Fractyl Health to Present New Preclinical Data on Sustained Weight Maintenance and Blood Sugar from its Rejuva® RJVA-001 Single-Administration GLP-1 Pancreatic Gene Therapy Candidate at ObesityWeek® 2024
Fractyl Health (GUTS) presented new preclinical data for its Rejuva RJVA-001 single-administration GLP-1 pancreatic gene therapy candidate. The 13-week study in diet-induced obesity mice showed sustained weight maintenance and blood sugar control, with over 10% of islet cells expressing GLP-1 protein and no safety concerns. The company also announced RJVA-002, a GIP/GLP-1 dual agonist, as its first pancreatic gene therapy candidate for obesity. This AAV9 viral vector expresses human GIP and GLP-1 hormones from a human insulin promoter, targeting both receptors important for blood sugar and weight regulation.
Fractyl Health (GUTS) ha presentato nuovi dati preclinici per il suo candidato alla terapia genica pancreatica GLP-1, Rejuva RJVA-001, somministrato in un'unica dose. Lo studio di 13 settimane su topi con obesità indotta dalla dieta ha mostrato un mantenimento sostenuto del peso e un controllo della glicemia, con oltre il 10% delle cellule delle isole che esprimono la proteina GLP-1 e senza preoccupazioni per la sicurezza. L'azienda ha anche annunciato RJVA-002, un dual agonista GIP/GLP-1, come primo candidato alla terapia genica pancreatica per l'obesità. Questo vettore virale AAV9 esprime gli ormoni umani GIP e GLP-1 da un promotore dell'insulina umana, mirando a entrambi i recettori importanti per la regolazione della glicemia e del peso.
Fractyl Health (GUTS) presentó nuevos datos preclínicos para su candidato a terapia génica pancreática GLP-1, Rejuva RJVA-001, administrado en una sola dosis. El estudio de 13 semanas en ratones con obesidad inducida por la dieta mostró un mantenimiento del peso sostenible y control de la glucosa en sangre, con más del 10% de las células de los islotes expresando la proteína GLP-1 y sin preocupaciones de seguridad. La empresa también anunció RJVA-002, un dual agonista GIP/GLP-1, como su primer candidato a terapia génica pancreática para la obesidad.

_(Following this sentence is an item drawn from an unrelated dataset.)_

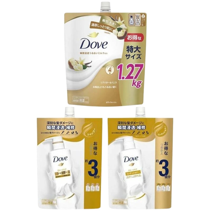 Dove(ダヴ) ボディウォッシュ ダメージケア シャンプー コンディショナー 3点セット 詰替え大容量 まとめ買い 保湿 潤い クリーミー泡 子どもにも使える LILYADORER0379
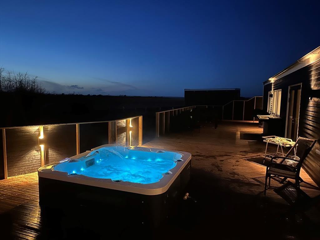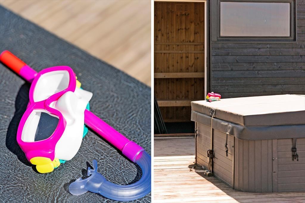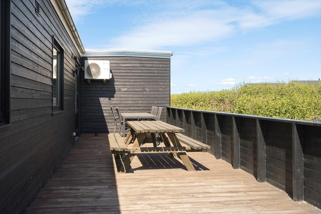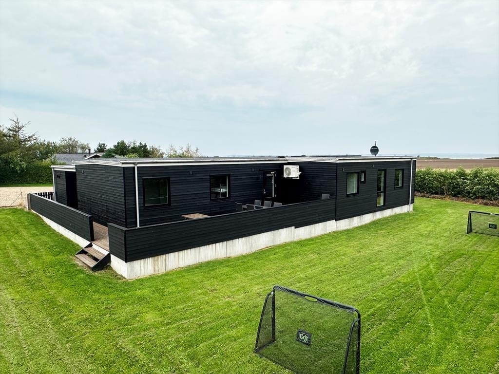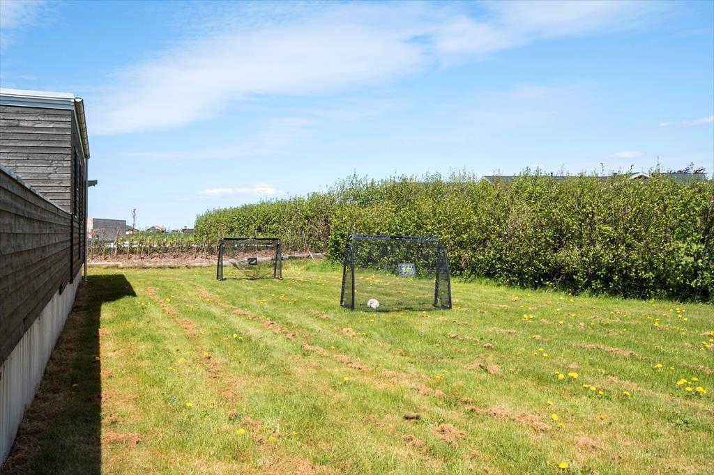 På husets store terrasse folder ferielivet sig ud med alt, hvad hjertet kan begære – og mere til. Her er god plads til at slappe af i solen med en bog, spille kort med børnene eller nyde lange, lune sommeraftener i godt selskab. Det lækre udendørs spabad er et af husets helt store højdepunkter. Forestil dig at sidde her under stjernerne med et glas bobler i hånden, mens vandet bruser blidt omkring dig – ren magi! Haven er rummelig og grøn, og her er rigelig plads til leg, boldspil og løbende hundepoter, for hele tre hunde er hjerteligt velkomne her. Med både åbne og mere afskærmede kroge på terrassen kan du altid finde et sted med læ – og når grillen tændes, spreder duften af sommer sig over hele haven.

Este vector viral AAV9 expresa las hormonas humanas GIP y GLP-1 desde un promotor de insulina humana, enfocándose en ambos receptores importantes para la regulación de la glucosa y el peso.
Fractyl Health (GUTS)는 단일 투여 GLP-1 췌장 유전자 치료 후보인 Rejuva RJVA-001에 대한 새로운 전임상 데이터를 발표했습니다. 13주 동안의 연구에서는 식이 유도 비만 생쥐에서 지속적인 체중 유지와 혈당 조절이 나타났으며, 10% 이상의 섬세포가 GLP-1 단백질을 발현하고 안전성 문제는 없었습니다. 회사는 또한 비만을 위한 첫 번째 췌장 유전자 치료 후보인 GIP/GLP-1 이중 작용제 RJVA-002를 발표했습니다. 이 AAV9 바이러스 벡터는 인간 인슐린 프로모터에서 인간 GIP 및 GLP-1 호르몬을 발현하며, 혈당 및 체중 조절에 중요한 두 수용체를 타겟합니다.
Fractyl Health (GUTS) a présenté de nouvelles données précliniques sur son candidat à la thérapie génique pancréatique GLP-1, Rejuva RJVA-001, administré en une seule fois. L'étude de 13 semaines sur des souris obèses induites par le régime alimentaire a montré un maintien du poids et un contrôle de la glycémie durables, avec plus de 10 % des cellules des îlots exprimant la protéine GLP-1 et aucun problème de sécurité. L'entreprise a également annoncé RJVA-002, un agoniste double GIP/GLP-1, comme son premier candidat à la thérapie génique pancréatique pour l'obésité. Ce vecteur viral AAV9 exprime les hormones humaines GIP et GLP-1 à partir d'un promoteur d'insuline humaine, ciblant les deux récepteurs importants pour la régulation de la glycémie et du poids.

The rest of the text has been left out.